The Problem domain with Archives // Dave Rice, CUNY TV / Steven, Villereal University of Virginia Library
Rice: “The archive is often an optional last step for media”
Rice: Discuss challenges of adhering to FCC captioning regulations
Title IX issues, make things accessible to some degree Must scale up and optimize the workflows
Villereal: Same thing, Section 508 compliance, for university libraries. UVa doesn't have an active broadcast workflow but archival video If orgs have tape libraries or working with historic tape, they may have captioning information. Extracting Line 21 data from archival video. Requires thinking about fair use copyright arguments Requires thinking broadly about potentials for “recorded information” CUNY has a microservices open source approach to working with this data OSS here: https://github.com/mediamicroservices/mm Probably when there's a mistake at the beginning and everything needs to be re-done -- so they eventually moved to a place where the captions work is asynchronous to the media. They move independently… and at the end they come back together. Problems with too many captions on one line, bugs causing crashes that eliminate captions for half the content SCC the broadcast format, basically a hex-dump of the captions. Similar to ASCII except one bit is a checksum (rather than first bit being zero). Then they could see every other letter but then garbage for the others… really needed something in a more human-readable format.

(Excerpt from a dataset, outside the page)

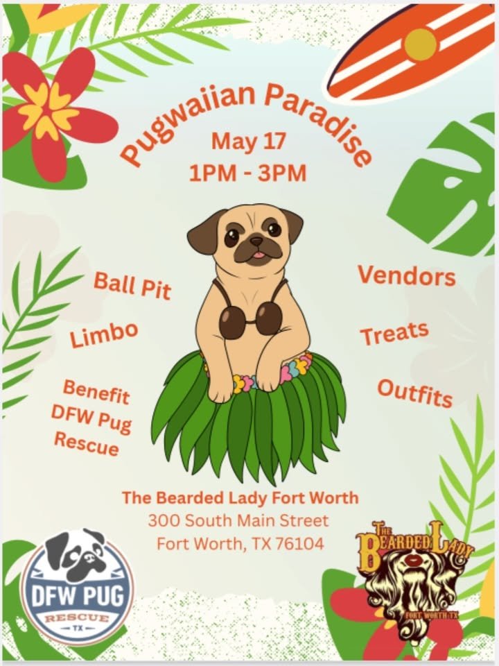 The Bearded Lady will be hosting DFW Pug Rescue for a pug Hawaiian Luau! Please come dressed in your best Hawaiian party outfit. Activities will include: Hawaiian themed vendors, drinks, snacks, Limbo contest, pup cooling paw pools, ball pit, best dressed pup/human contest, and more. Come on out for the pawty!
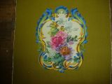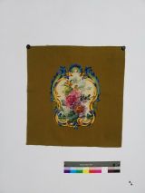 Dossier de chaise, fond moutarde. Cartouche à arabesque de forme violonée fond blanc à pivoines et hortensias.

Stephen using Avalon media system and WebVTT
Stephen: Undersourced for both of these -- needing to kill two birds with one stone, doing archival description and also transcription AV archives are in a weird place, split between libraries/archives and the broadcast industry. One case being made is that the standards we inherit are things like SMPTE, and don't respect our values. Archives can't afford these standards, they aren't open, they rarely have archivists or people don't that work Dave is great for going to IETF to do standardization, because the web is mostly where video gets viewed
Rice: “Steven is always trolling the right people on Twitter” A single vendor can't be used to do all of this work. CUNY uses PopUpArchive and another service more common in broadcast, where an audio line to a human captioner does live transcription and sends back a text stream. It's somehow cheaper to get the real time live transcription than if they do it on their own time. These tools don't do the full work of accessibility. Even though speech to text, there are a lot of things that are not speech that happens and that needs to be communicated too. The whole environment needs to be communicated.
If a show gets played four times a day, they would just end up paying to caption it four times! That’s not a good workflow, should be revised. But maybe will get better with FCC regulations requiring captioning. UVa also experimenting with PopUp Archives. Who is gonna do that work? Can student workers do that work? What’s the best tool to clean that stuff up? Need a survey of what’s out there right now. A couple of emerging professional projects (National Digital Stewardship Residency Program: http://www.digitalpreservation.gov/ndsr/) have involved this and other open source techniques. "Mac Caption"
Timelines matter especially considering accessibility issues
Villereal: Offering the returning of lost Mac Caption dongles as an archival funding source Extract-CC-Bytestream
from Indiana University is a Perl script to do things Question: What is open source software that needs more work to be better? (v rough paraphrase) text output from ffmpeg would be great
Dave got a filter called readeia608 in there and you feed in video, finds the line21 capture information (not always on line 21) and translates it to a hex. For old school analog captioning this can help read it out.